Data>
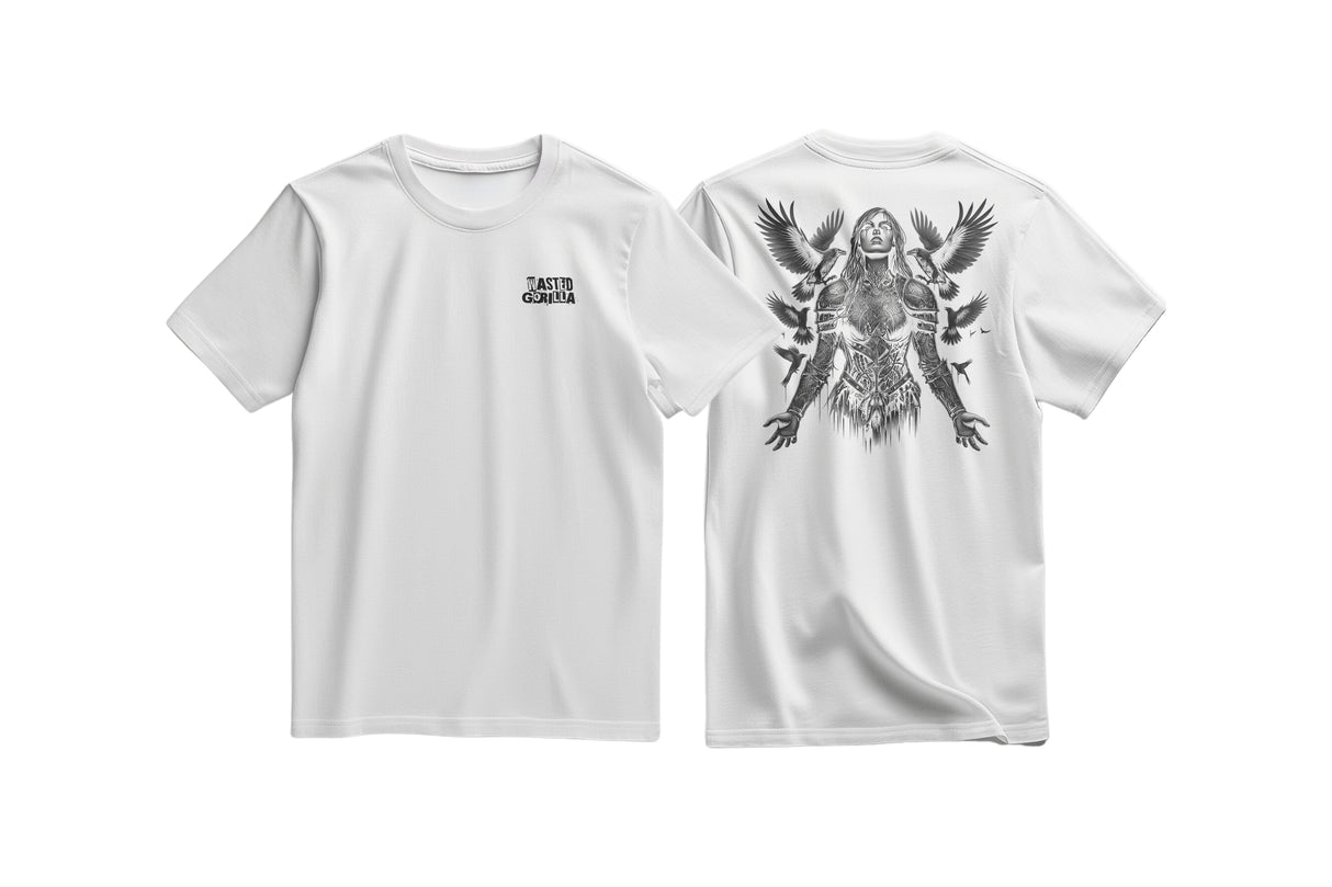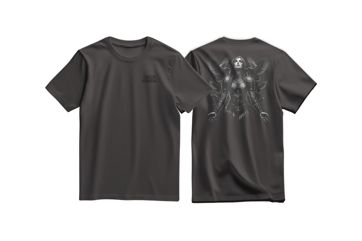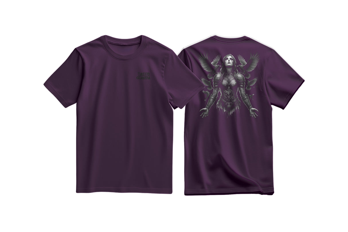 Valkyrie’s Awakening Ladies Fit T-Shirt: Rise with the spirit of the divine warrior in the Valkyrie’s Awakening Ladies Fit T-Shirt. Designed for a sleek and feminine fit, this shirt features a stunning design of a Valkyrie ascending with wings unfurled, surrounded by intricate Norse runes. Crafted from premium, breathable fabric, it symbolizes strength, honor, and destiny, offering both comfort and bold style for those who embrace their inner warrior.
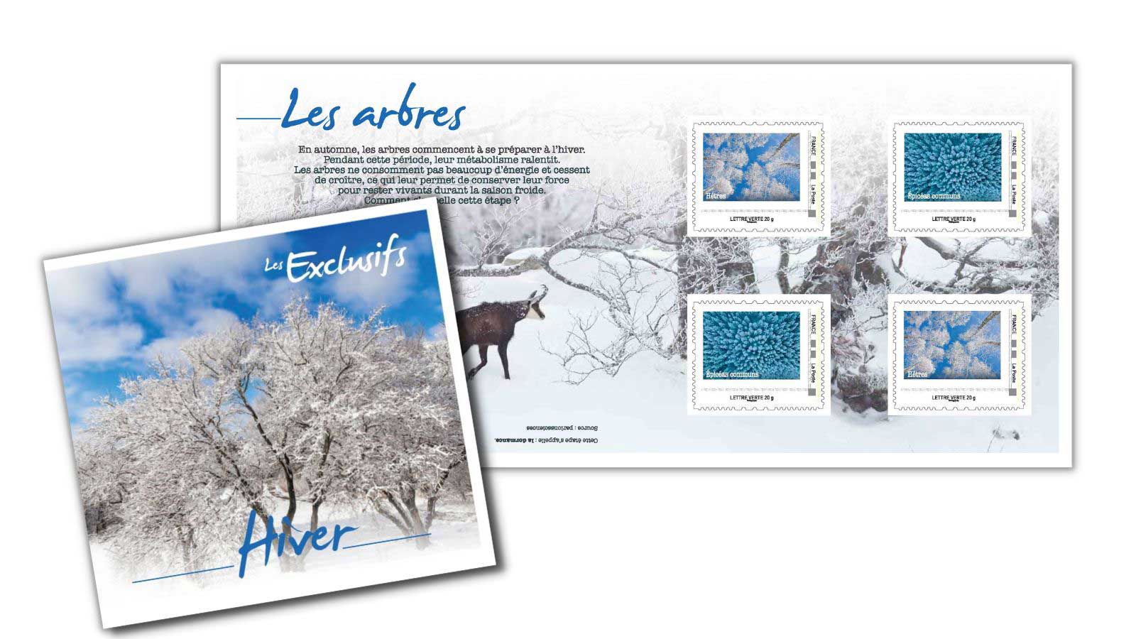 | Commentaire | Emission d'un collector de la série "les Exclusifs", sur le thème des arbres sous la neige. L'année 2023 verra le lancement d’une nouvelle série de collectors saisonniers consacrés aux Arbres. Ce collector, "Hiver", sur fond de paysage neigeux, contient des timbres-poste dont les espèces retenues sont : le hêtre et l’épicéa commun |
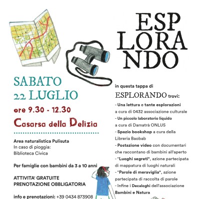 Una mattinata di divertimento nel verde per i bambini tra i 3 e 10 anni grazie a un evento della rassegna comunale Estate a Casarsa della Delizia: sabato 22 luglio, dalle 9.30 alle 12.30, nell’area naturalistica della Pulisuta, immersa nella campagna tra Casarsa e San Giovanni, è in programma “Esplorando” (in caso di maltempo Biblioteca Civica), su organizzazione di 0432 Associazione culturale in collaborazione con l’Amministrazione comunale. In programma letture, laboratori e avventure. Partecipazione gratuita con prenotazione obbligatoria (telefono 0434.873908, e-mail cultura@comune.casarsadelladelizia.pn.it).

Task statement> Transcribe the lines that run from the line bearing "l’épicéa commun |" through the last line of the data. Keep the wording exact and leave out every picture.

Task response>
 | Commentaire | Emission d'un collector de la série "les Exclusifs", sur le thème des arbres sous la neige. L'année 2023 verra le lancement d’une nouvelle série de collectors saisonniers consacrés aux Arbres. Ce collector, "Hiver", sur fond de paysage neigeux, contient des timbres-poste dont les espèces retenues sont : le hêtre et l’épicéa commun |
 Una mattinata di divertimento nel verde per i bambini tra i 3 e 10 anni grazie a un evento della rassegna comunale Estate a Casarsa della Delizia: sabato 22 luglio, dalle 9.30 alle 12.30, nell’area naturalistica della Pulisuta, immersa nella campagna tra Casarsa e San Giovanni, è in programma “Esplorando” (in caso di maltempo Biblioteca Civica), su organizzazione di 0432 Associazione culturale in collaborazione con l’Amministrazione comunale. In programma letture, laboratori e avventure. Partecipazione gratuita con prenotazione obbligatoria (telefono 0434.873908, e-mail cultura@comune.casarsadelladelizia.pn.it).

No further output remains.